• THE TASK:
Everything from the line that has "TP-Link TL-SG1005LP 5-Port" to the last line of the listing must be repeated exactly, and nothing more; omit the pictures.

::: DATA SEGMENT

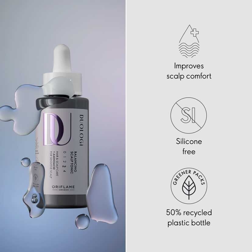 DUOLOGI Balancing Scalp Tonic is een topisch, kalmerend product om de gevoelige hoofdhuid onmiddellijk te kalmeren, droogheid en schilfers te verminderen en het comfort van de hoofdhuid te verbeteren.
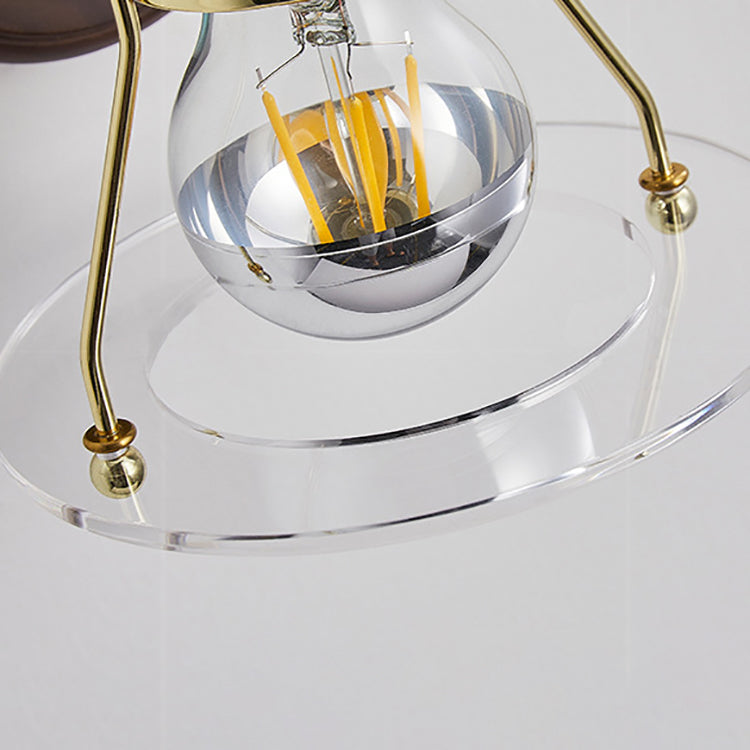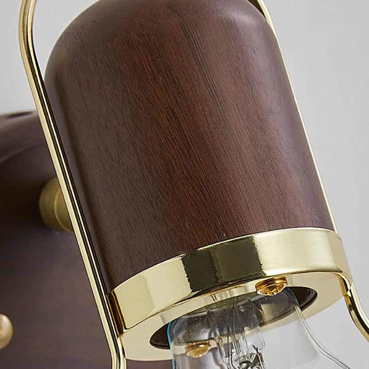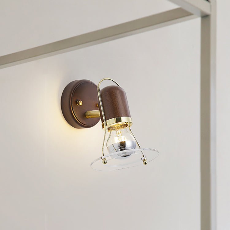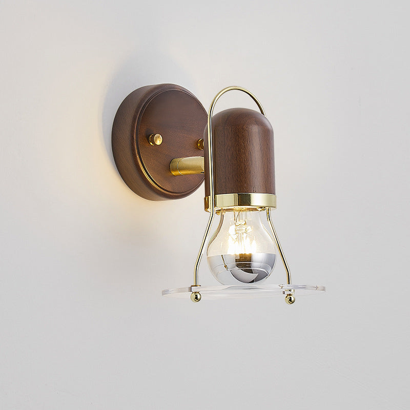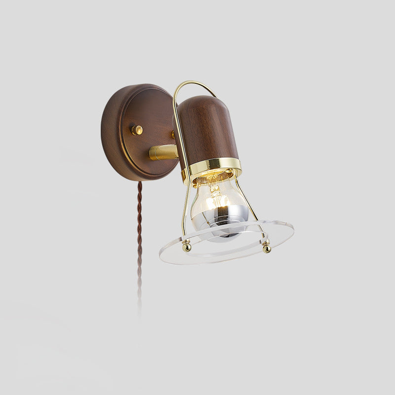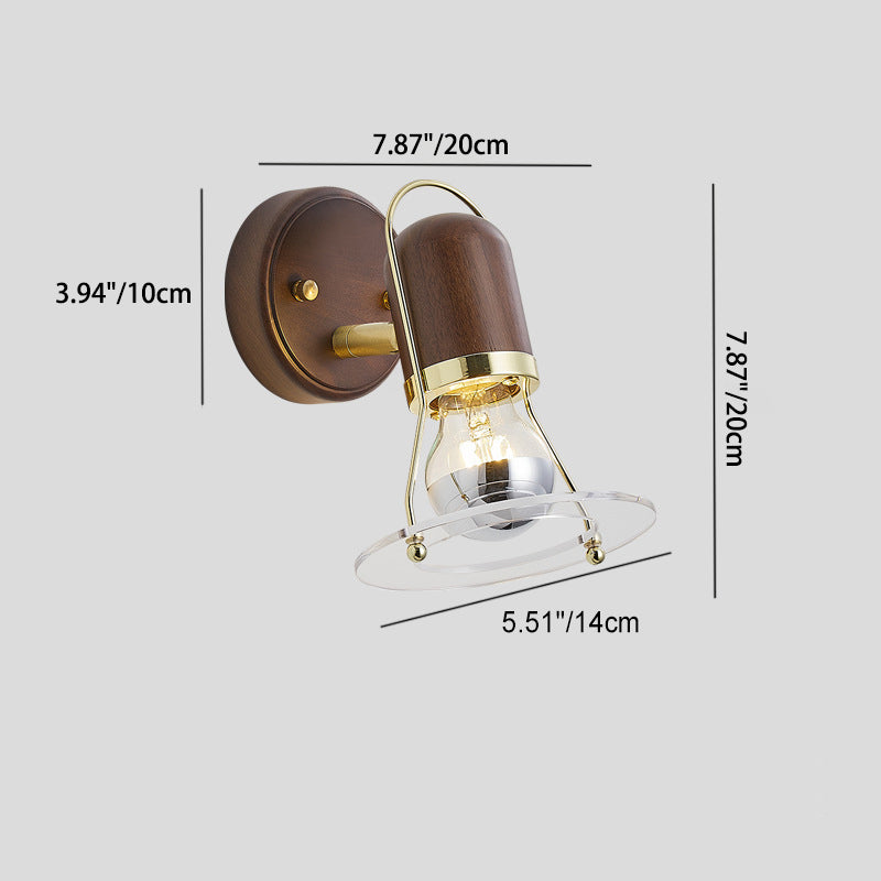 مصباح حائطي تقليدي عتيق من خشب الجوز على شكل أسطوانة دائرية من الأكريليك مزود بإضاءة واحدة لوضعه بجانب السرير
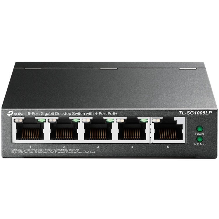 TP-Link TL-SG1005LP 5-Port Gigabit Unmanaged Switch with 4-Port PoE+, 802.3af/at PoE+, PoE budget 40W, 802.1p/DSCP QoS for Traffic Prioritization, Intelligent Power Management, IGMP Snooping, durable metal casing, desktop mount
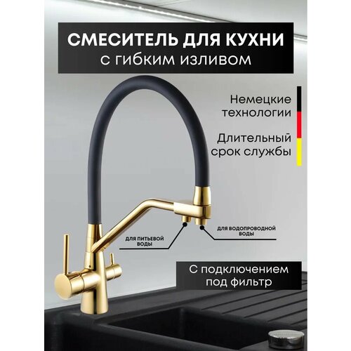 Смеситель для кухни и раковины Fenix Gold золотой c гибким изливом и подключением фильтра

::::::

• TASK SOLUTION:
 TP-Link TL-SG1005LP 5-Port Gigabit Unmanaged Switch with 4-Port PoE+, 802.3af/at PoE+, PoE budget 40W, 802.1p/DSCP QoS for Traffic Prioritization, Intelligent Power Management, IGMP Snooping, durable metal casing, desktop mount
 Смеситель для кухни и раковины Fenix Gold золотой c гибким изливом и подключением фильтра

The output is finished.